→ **Task prompt**
Write out again, exactly as they appear, the lines from the start of the data below through the line with "Eco-friendly paper tableware."; no pictures.

→ **Dataset excerpt**
──────────────────────────────
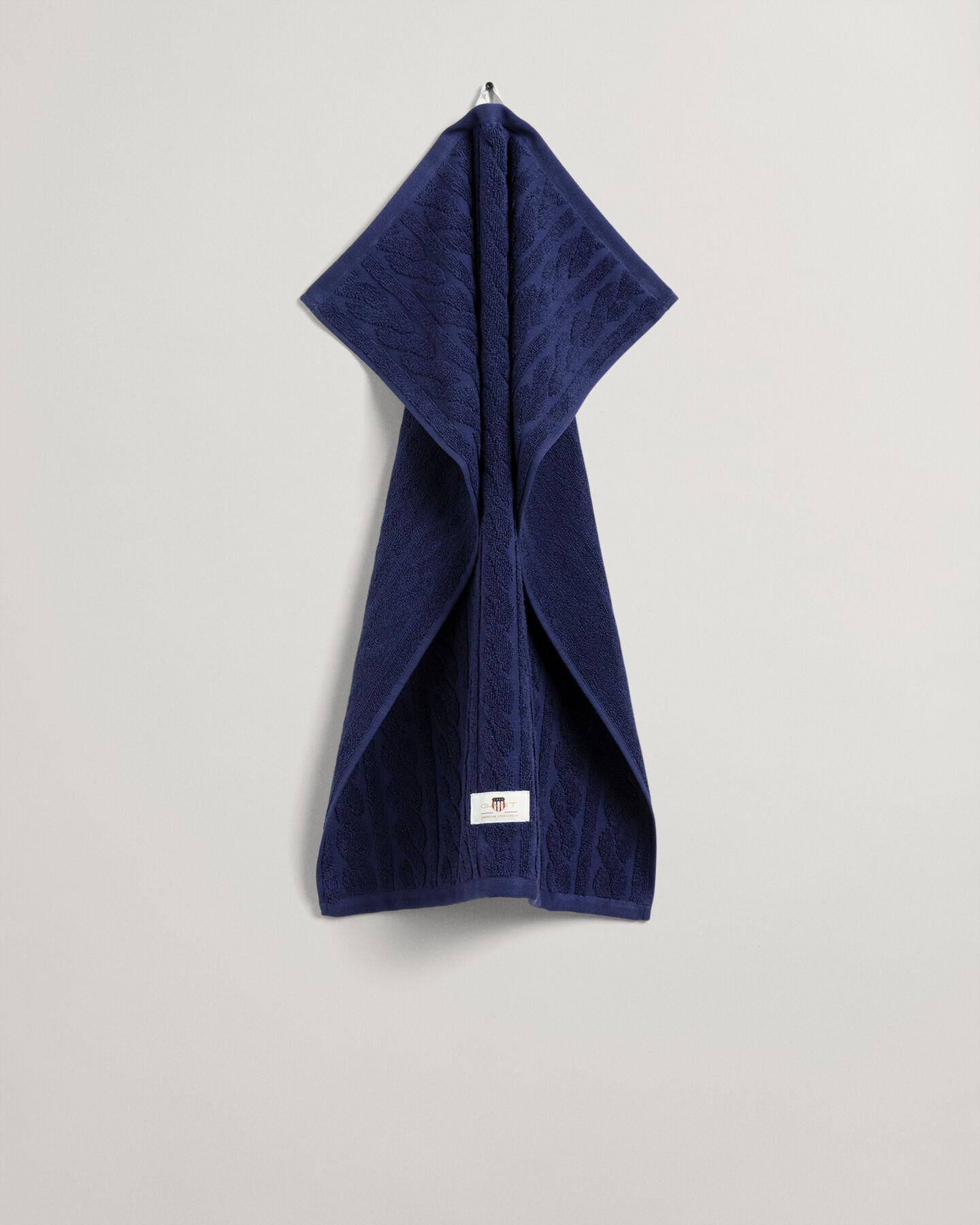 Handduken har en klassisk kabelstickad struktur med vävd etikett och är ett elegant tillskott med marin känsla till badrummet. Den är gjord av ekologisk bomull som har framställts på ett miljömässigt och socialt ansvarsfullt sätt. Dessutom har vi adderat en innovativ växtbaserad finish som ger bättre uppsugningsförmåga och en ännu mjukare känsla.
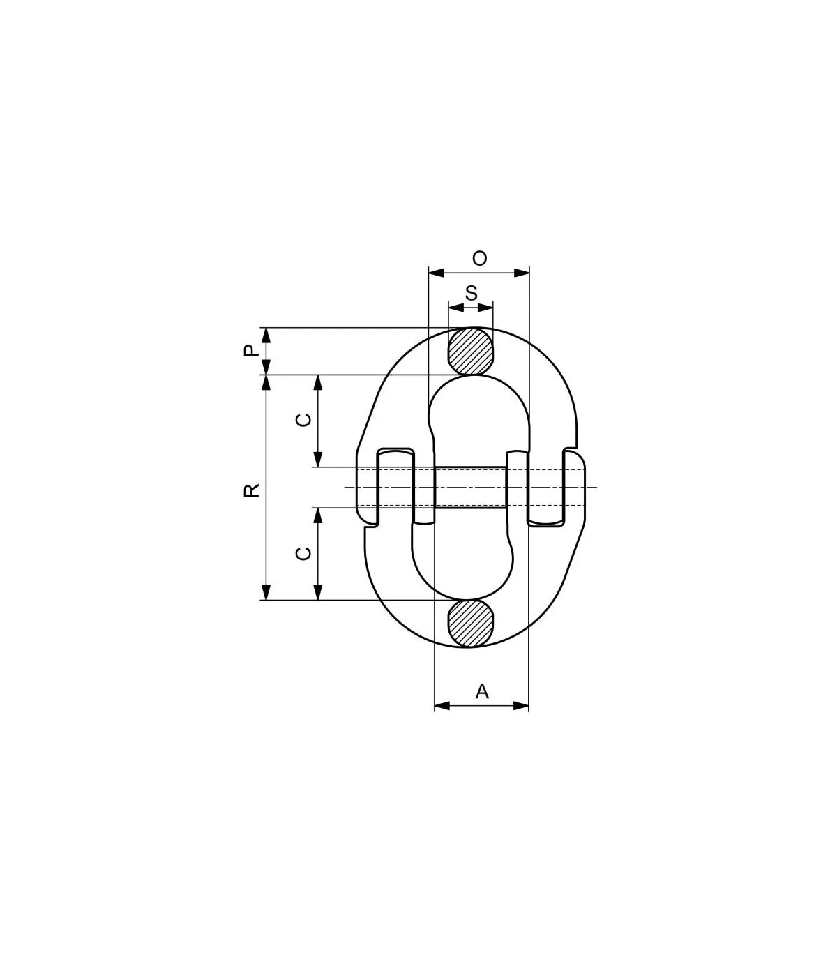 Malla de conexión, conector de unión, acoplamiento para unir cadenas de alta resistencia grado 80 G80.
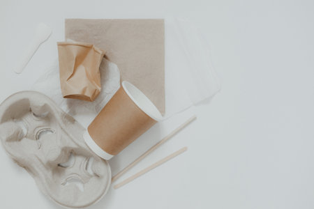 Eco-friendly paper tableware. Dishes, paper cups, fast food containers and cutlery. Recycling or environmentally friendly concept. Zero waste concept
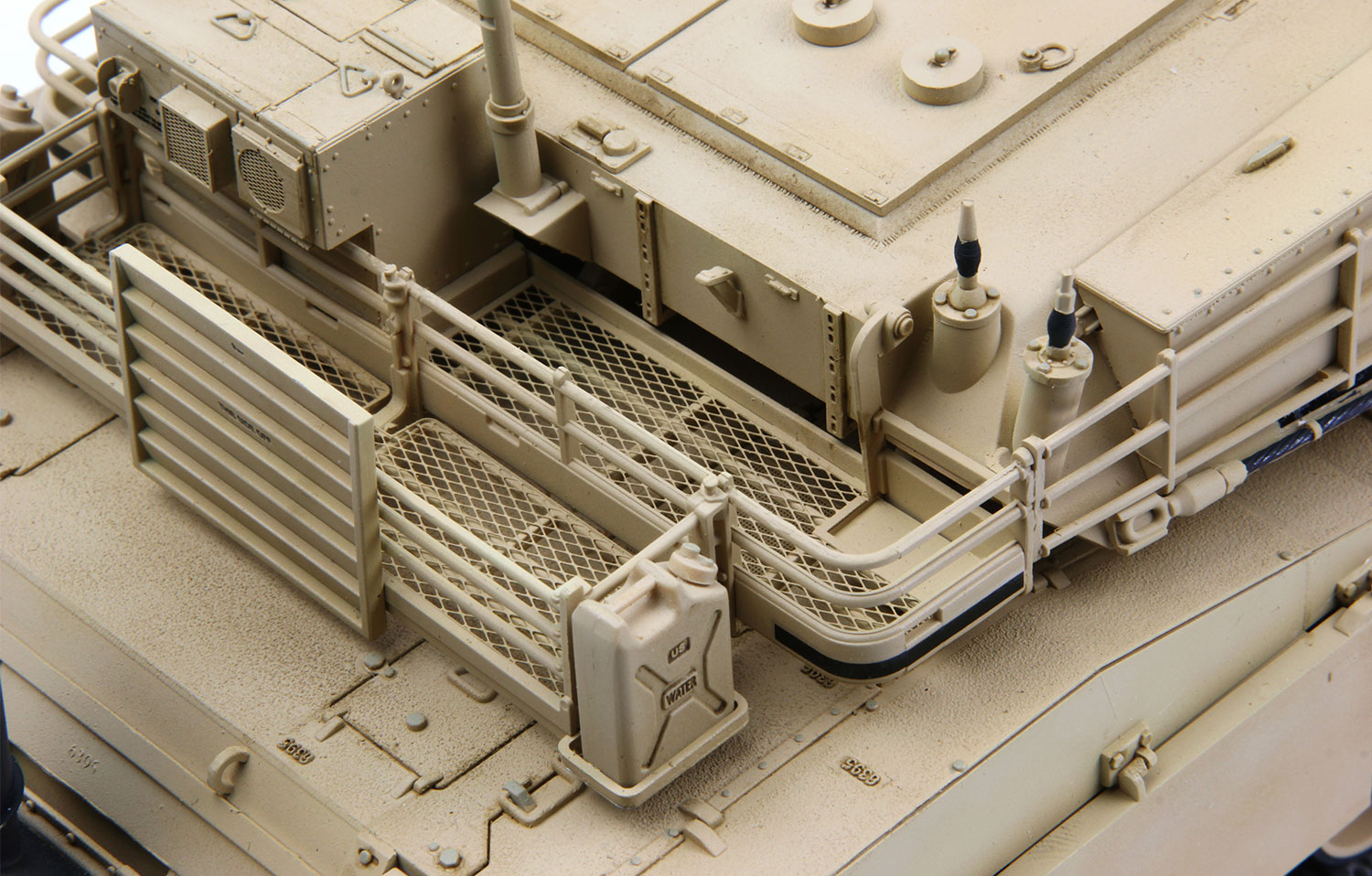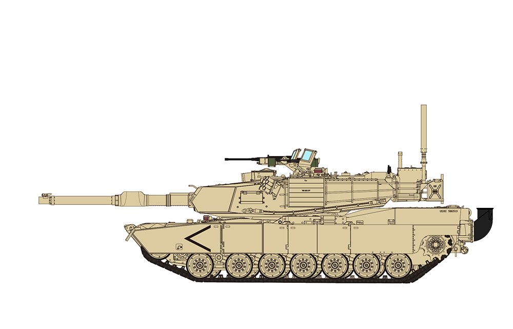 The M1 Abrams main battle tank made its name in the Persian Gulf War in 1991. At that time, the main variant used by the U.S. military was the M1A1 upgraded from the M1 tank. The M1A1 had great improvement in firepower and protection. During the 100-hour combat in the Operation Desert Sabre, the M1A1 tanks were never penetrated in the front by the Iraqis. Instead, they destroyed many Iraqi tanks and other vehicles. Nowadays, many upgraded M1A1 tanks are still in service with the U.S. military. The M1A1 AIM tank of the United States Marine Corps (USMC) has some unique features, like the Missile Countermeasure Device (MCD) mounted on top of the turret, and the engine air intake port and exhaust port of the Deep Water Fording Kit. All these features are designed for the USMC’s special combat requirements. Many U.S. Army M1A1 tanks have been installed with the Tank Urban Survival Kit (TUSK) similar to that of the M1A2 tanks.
──────────────────────────────
→ **Response to this exercise**
 Handduken har en klassisk kabelstickad struktur med vävd etikett och är ett elegant tillskott med marin känsla till badrummet. Den är gjord av ekologisk bomull som har framställts på ett miljömässigt och socialt ansvarsfullt sätt. Dessutom har vi adderat en innovativ växtbaserad finish som ger bättre uppsugningsförmåga och en ännu mjukare känsla.
 Malla de conexión, conector de unión, acoplamiento para unir cadenas de alta resistencia grado 80 G80.
 Eco-friendly paper tableware. Dishes, paper cups, fast food containers and cutlery. Recycling or environmentally friendly concept. Zero waste concept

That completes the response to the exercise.